In Germany, the DAV did things a little differently, and back when climbing walls were taking off they made the bold decision to build some cutting edge facilities of their own. As a result they became very much an integral part of this new, emerging audience. The DAV has an eye watering membership of 1.3 million.

It is important that we acknowledge the fantastic work that the BMC and its staff do. Whilst we are aware that events such as this don't make membership any more appealing, the work that they do is invaluable. As such, we would implore anyone reading this not to cancel their membership. While nobody wants another BMC witch hunt, searching questions do need to be asked. Let's just hope that those questions can be kept constructive.

13 Jul, 2023
Thanks for all of the hard work in putting together this well written article.
13 Jul, 2023

Interesting article. These niche governing bodies always seem to be in the throes of upheaval - the Fell Runners Association has had its challenges, as have others.
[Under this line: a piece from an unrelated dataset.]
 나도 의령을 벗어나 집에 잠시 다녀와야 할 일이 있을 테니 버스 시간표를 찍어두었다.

I wonder if there's an opportunity to band together bodies with aligned interests and have a louder collective voice.

Also, I didn't know what the BCM membership fees are so went on the website to look (£33/year for me). On the membership page, the 'benefits' of this membership are basically insurance, discounts I won't use and a magazine. There's nothing on there about the benefits I'd be interested in, which would be about securing access, protecting the environment or volunteering my time. They've lost my attention already.

13 Jul, 2023

What a great article! So good it's dragged maybe my first ever UKC forum-post out of my fingers... I feel like writing, "I told you so". It seemed clear to me back in 2018 (when the toys well and truly fell out of the pram over the motion of no confidence, the subsequent restructuring, and the dramatic re-write of the Articles) that the focus was shifting far too far away from what the BMC had been conceived for by it's founding members (clubs) and had settled on the monied topics of competition climbing (through Sport UK funding) and insurance (sales). At the time the glory of climbing's debut in the forthcoming Olympic was just too much for too many vested interests to see past.

Part of that re-write of the Articles took the direction and authority of where the BMC was going away from the members and gifted it to the board. There is no doubt in my mind that, if asked again, members would not allow access and conservation to be a casualty of the BMC's agenda! Accountability to members, and governance driven by the members has been lost.
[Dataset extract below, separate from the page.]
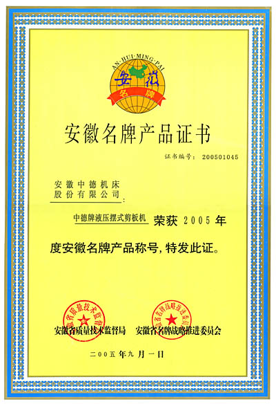 “中德牌”剪板機(jī)榮獲2005年“安徽名牌產(chǎn)品”稱號

In my view something radical needs to be done to rebalance the very raison d'être of having the BMC. With a weakened (or even just not the most significant part of the BMC) access and conservation focus there is no point in the BMC for most climbers. I could easily argue that for most climbers the BMC is already invisible. Consider this - if the BMC vanished in a puff of smoke right now, what difference would currently active climbers notice?

13 Jul, 2023

In general, a very balanced article but (there's always a but, sorry!) re the money:

The number in bold is incorrect, you have been fooled by the fact the BMC (very frustratingly) change colours for activities between Annual Reports. it should be 0.96M. Your appear to have employed the same proof reader as the BMC did for their statement!

I am also baffled by what is not "clear" where the funding came from. After Simon's post this morning I took 10 minutes to look at the annual reports for the last three years. It seemed pretty simple:

Have I missed something?

13 Jul, 2023

Very informative and fair article UKC - thanks. I really hope the BMC read this and take stock.

The aspect related to competition climbing needs to separate from the core values of access and conservation. I certainly won't rejoin until they get their house in order (which they seem to be knocking down at present).